Design, characterization and skin permeating potential of Fluocinolone acetonide loaded nanostructured lipid carriers for topical treatment of psoriasis

• Short half life of Fluocinolone acetonide (FA) limits its use for psoriasis.
• FA loaded NLCs minimized the problem of short half life.
• FA NLCs showed prolonged drug release as compared to plain FA suspension.
• In vitro accumulation of drug in the epidermis was observed.
• NLCs is the potential carrier of FA for anti psoriatic drug delivery.

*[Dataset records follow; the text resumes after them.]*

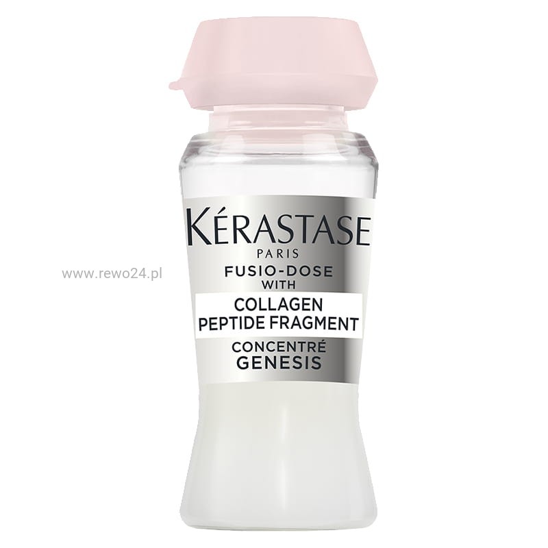Kérastase Fusio-Dose Koncentrat Genesis to intensywnie wzmacniająca kuracja fryzjerska stworzona z myślą o włosach osłabionych i wypadających. Dzięki składnikom inspirowanym pielęgnacją skóry, formuła skutecznie przeciwdziała łamliwości, poprawiając kondycję włosów już po pierwszym użyciu. To luksusowy zabieg profesjonalny dostępny w salonach Kérastase, oferujący natychmiastowe rezultaty oraz możliwość połączenia z boosterem.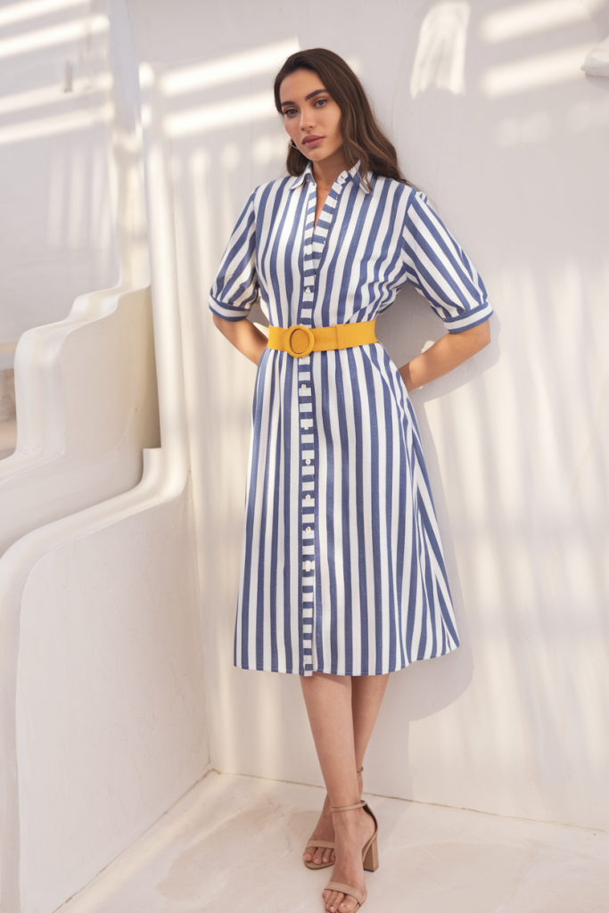 A blue and white striped shirt dress cinched at the waist with a bold yellow belt is a standout choice for moms who love trendy yet classy outfits. This look is perfect for summer gatherings, weddings, or even a Haldi ceremony, offering both comfort and style.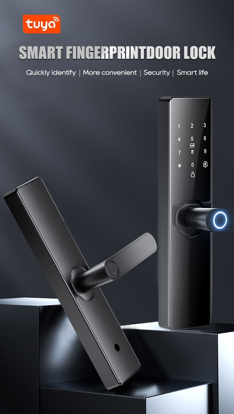 Tuya Smart Electronic Door Lock puoliautomaattinen sormenjälkitunnistin kodin turvallisuuteen - 17 cm lukkorunko
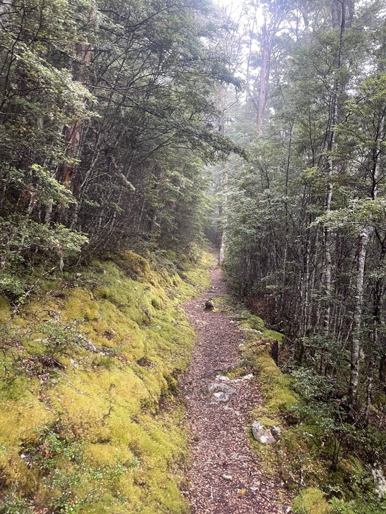 The trail was gorgeous and overall a very well-managed tramping trail. The views of the valley were blocked by the clouds. It took a lot to keep hiking, but if I wanted to reach the end of the hike and hitchhike to Hanmer Springs, there was only one way.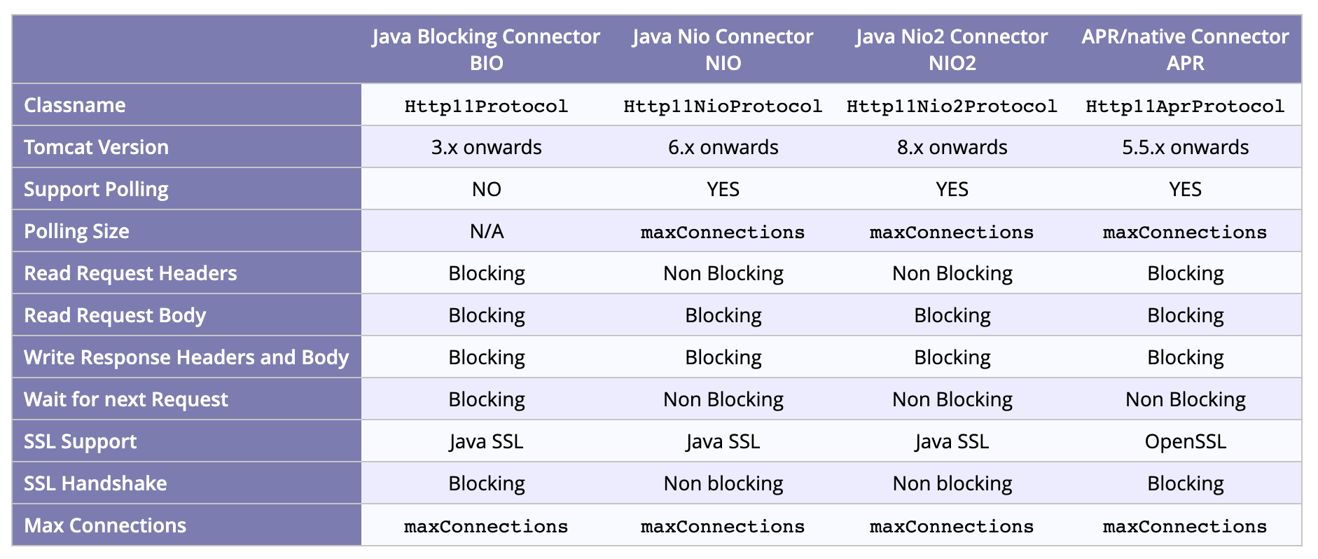 아래 그림은 톰캣의 버전별 Connector 스펙입니다.

The aim of the current study was to develop and optimize Fluocinolone acetonide (FA) loaded nanostructured lipid carriers (NLC) and to evaluate its potential as topical delivery system for management of psoriasis. FA loaded NLCs were successfully developed by modified microemulsion method and optimized using 3-level Box–Behnken design. NLCs were evaluated for particle size, polydispersity index, zeta potential, drug entrapment efficiency and drug loading. Further X-ray diffraction (XRD) and Differential scanning calorimetry (DSC), in vitro release, in vitro skin distribution and stability study were also performed. Transmission electron microscopy confirmed spherical shape of prepared NLCs. Complete encapsulation of drug in the nanoparticles was confirmed by XRD and DSC. Release study showed prolonged drug release from the NLCs following Higuchi release kinetics and Zero order release kinetics, whereas pure FA suspension exhibited faster drug release following Zero order release kinetics with R2 value of 0.995. Stability study confirmed that NLCs were stable for 3 months at 4 °C. Furthermore, in vitro skin distribution studies showed presence of significant amount of FA in the epidermal and dermal layer of skin when treated with FA loaded NLCs suspension while plain FA suspension showed significantly lesser amount of FA in the epidermis and dermis. Moreover, selective retention of FA in the epidermis might eliminate adverse side effects associated with systemic exposure. Thus FA loaded NLCs could be a potential system for psoriasis treatment but to create clinical value of the present system further studies are needed in clinically relevant models.